My case is a bit exceptional in that I'm in complete control of all configuration of all Jenkins clusters at my company, which are configured using ansible and configuration as code, so I've got the Jenkins version and plug-in versions all locked in so there should be no surprises if the name Mangler class changed in a subsequent release.

Importing and using the name Mangler class worked just fine, however it turned out to be completely unnecessary since I can just get the build directory (to construct the path to the artifacts on the controller) from the project/job object. So my shared library function is even simpler now and safer because it doesn't need to use any core or plug in classes.

Most importantly, I've now got a robust and highly performant workaround to the old issue of very sluggish copying of artifacts. I'm getting about a 12-15x performance boost here. (We have several large artifacts) Thanks for your time..

On Tuesday, March 2, 2021 at 11:38:17 PM UTC-8 [hidden email] wrote:


Le mer. 3 mars 2021 à 06:44, Tim Black <[hidden email]> a écrit :
Think I found it: NameMangler.apply().
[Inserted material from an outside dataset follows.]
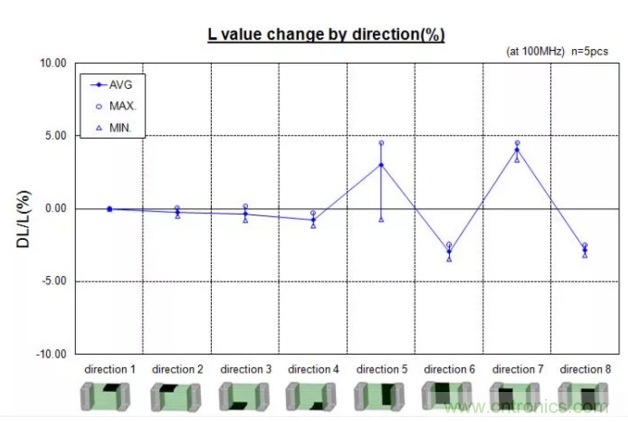 可以看出,標(biāo)記點(diǎn)朝側(cè)面,感值變化較大,所以貼片時應(yīng)注意讓電感上的標(biāo)記點(diǎn)朝上。

Would it be possible/advised to import the NameMangler class in my Shared Library vars/scpArtifacts.groovy (assuming my Jenkins instance has branch-api plugin installed, which it does.) Something like this:

```
import jenkins.branch.NameMangler
def mangled_branch_name = NameMangler.apply(branch_name)
```

I'll try this out in the morning, just curious if anyone can confirm whether this looks feasible or I'm way off track. Thanks.
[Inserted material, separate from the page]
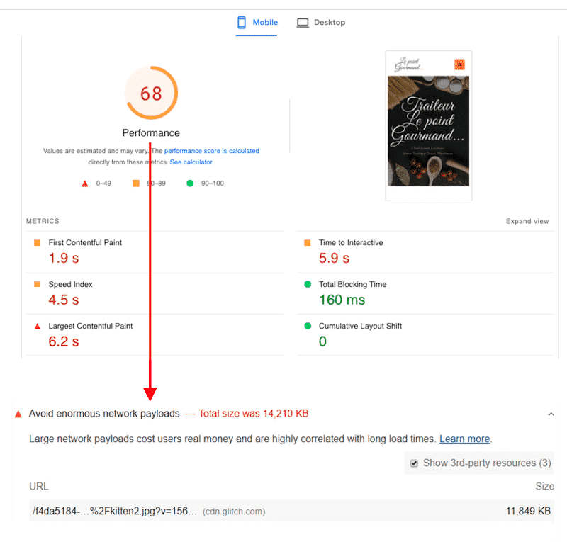 On top of that, I can see that the “Avoid enormous network payloads” warning is triggered with a total size of 14,210K:

Using core java classes from Jenkins pipeline shared library is generally strongly discouraged.
This could break from one day to another without notice.
What you're working on looks like it should rather be done in a full-blown Jenkins plugin.
(If not, this discussion should be on the users mailing list)
 

On Tuesday, March 2, 2021 at 8:03:57 PM UTC-8 Jesse Glick wrote:
The principal class to look at is `MultiBranchProject`.